Published in AI

Apple’s AI paper gets push-back from other boffins

by on16 June 2025


Probably because it doesn't understand what it's doing

The Fruity Cargo Cult Apple’s research paper, pompously titled The Illusion of Thinking, which confidently claimed that large reasoning models (LRMs) collapse when asked to do anything clever, is faulty, according to a top boffin.

For those who came in late, the paper appeared around the same time as Job’s Mob was being forced to explain why it was the only major tech company that could not develop a working AI product.

Open Philanthropy researcher Alex Lawsen, penned a paper that unpicks Apple’s claims with the surgical precision of a tax auditor on speed.

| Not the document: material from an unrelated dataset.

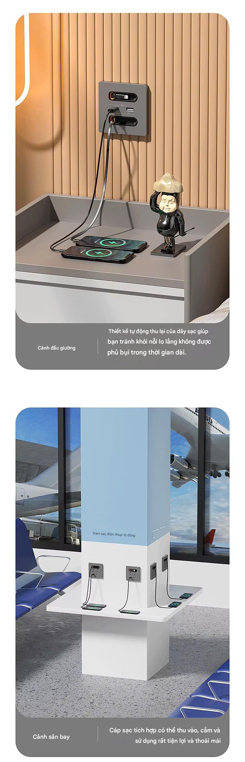 Đặc biệt, với thiết kế nhỏ gọn và khả năng di động cao, bạn có thể dễ dàng mang theo cổng sạc nhanh bên mình. Dù là đi làm, du lịch hay tham gia các hoạt động ngoài trời, bạn sẽ không còn lo lắng về việc hết pin giữa chừng. |

His work titled The Illusion of the Illusion of Thinking, suggests the whole thing reeks more of shoddy experimental design than of any fundamental AI limitations.

Apple overlooked fundamental output constraints, such as token budgets. Models such as Anthropic's Claude were cut off mid-flow, often saying things like, "The pattern continues, but I'll stop here to save tokens." But Job's Mob decided to mark that as a failure, which is about as fair as blaming a satnav for not finishing its route because you ran out of battery.

Then there's the matter of Apple boffins penalising models for failing to solve impossible puzzles. Its river crossing tests included setups that no one could solve without magical boats or a time machine. When the models correctly refused to engage with the nonsense, yet Apple called it a fail. That's not science. That's theatre.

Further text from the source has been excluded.